Twisted Spoon's very first publication remains one of their most extreme: Lukás Tomin's The Doll. Tomin leaves his characters half-drawn for much of the book, forcing the reader to puzzle out the connections and distinctions between them. His drastic switches of style abandon cumulative effect for a series of instants, sometimes with heavily compressed plotting or circular passages of dialogue. A dream of a monk's life is described: "Through cold gothic corridors. Cloistered prayers. Move in silence. Angel walk. Shaved head. Faith the problem. Doubts. Dark night of the soul." The novel seeks to jolt with its odd narrative rhythms, making it a rare contemporary update of the surrealist novels of Breton and Pinget. Tomin grew up in a dissident family under one of the harshest periods of communist rule, and wrote The Doll in his second language, English, as an émigré in Paris. He steadfastly refuses to ground his prose in a comfortable fictional environment, just as he refused to ground it in the comfort of his native language.

While Tomin is more aggressively experimental than most precommunist Czech authors, he inherits their themes. Two "lost" books of Czechoslovakia, Paul Leppin's Severin's Journey Into the Dark and Otokar Brezina's Hidden History, outline a decadent romanticism. Dating from 1914, Leppin's novel plainly describes a libertine's aimless affairs and wanderings, focusing on the repetition of Severin's life and melding his decadent outlook with Kafkaesque detachment. Borrowing from Kleist as much as from Sacher-Masoch, Leppin passes over the more voyeuristic aspects of eroticism to examine the mechanistic drive of Severin. The book is surprisingly restrained, and the tight prose prevents Severin's miseries from becoming too histrionic.

Approaching the irrational passions of life with a manic rush, Brezina brings a happier outlook to the primevality that Leppin describes. In the essays contained in Hidden History, written in the first decades of the century, his words erupt almost without sense. Brezina forsakes rational structures of thought, instead creating towers of language that often exhibit powerfully abstract imagery. In death, for example, Brezina finds "a love of man for man which would seem lethal in our time--where the hearts of the brethren, distant, beat in solitude--will bring about a singing union of the spirit." Like Leppin and Tomin, he has little patience for convention, either in writing or in life, but his vision lacks all cynicism and nihilism; he realizes in words some of the purest possibilities of the subconscious.

Bohumil Hrabal's Total Fears is a nexus of Twisted Spoon's concerns: written late in life by a man who lived through both wars, it gives a firsthand impression of the impact Czech history has had on a single author.

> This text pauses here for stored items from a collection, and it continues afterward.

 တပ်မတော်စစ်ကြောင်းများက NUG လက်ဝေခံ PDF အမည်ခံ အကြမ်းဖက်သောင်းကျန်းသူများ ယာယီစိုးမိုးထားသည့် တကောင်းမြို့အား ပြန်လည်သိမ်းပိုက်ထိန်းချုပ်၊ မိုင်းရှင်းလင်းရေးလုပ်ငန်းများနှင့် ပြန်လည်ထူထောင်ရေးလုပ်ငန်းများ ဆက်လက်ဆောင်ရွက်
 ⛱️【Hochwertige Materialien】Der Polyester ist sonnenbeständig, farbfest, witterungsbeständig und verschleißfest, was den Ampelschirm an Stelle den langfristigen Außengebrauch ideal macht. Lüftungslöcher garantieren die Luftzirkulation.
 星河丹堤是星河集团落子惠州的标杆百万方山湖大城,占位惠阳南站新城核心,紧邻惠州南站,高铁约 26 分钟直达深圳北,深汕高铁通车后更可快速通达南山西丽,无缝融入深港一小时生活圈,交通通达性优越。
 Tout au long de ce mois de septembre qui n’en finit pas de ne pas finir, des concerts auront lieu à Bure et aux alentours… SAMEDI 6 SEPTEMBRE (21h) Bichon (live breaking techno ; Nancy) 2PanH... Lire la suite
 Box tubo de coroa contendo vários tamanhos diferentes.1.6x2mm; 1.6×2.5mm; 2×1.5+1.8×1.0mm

Hrabal, best known for Closely Watched Trains, here alludes to the nullifying effect of the political situation, which seems to have driven him out of the world and into his mind. Taking the form of unsent letters to a female acquaintance, the chapters are free-flowing streams describing Hrabal's travels in his old age, in which he encounters the spirits of dead writers who seem more real than the modern world around him. Particularly forthright and chilling is the first section, "The Magic Flute," a compulsively written travelogue ridden with pain, exhaustion, and unsettling calm: "Bohumil Hrabal, you've victoried yourself away, you've reached the peak of emptiness, as my Lao Tzu taught me, I've reached the peak of emptiness and everything hurts." As an invitation to Hrabal's memory, the book is tantalizingly frank and approachable. Hrabal's casual language discloses his obsession with communication, the desire to speak to his reader as his beloved authors have spoken to him.

If the press's surrealist impulse is buried in Hrabal, it is still detectable, as in the harrowing "Meshuge Stunde," which describes a frenzy among cats as Soviet planes fly overhead. This antirationalist strain seems to have fully permeated Czech literature; as Sidenberg says, "Czech surrealism draws on many themes that are endemic to Czech art in general: a deep sense of irony, absurdity, fantasy." Hrabal, Leppin, Brezina, and Tomin all represent different stages in the development of this aesthetic. As Twisted Spoon excavates parallel developments to more commonly known movements, they preserve what the title of Brezina's book describes: a hidden history.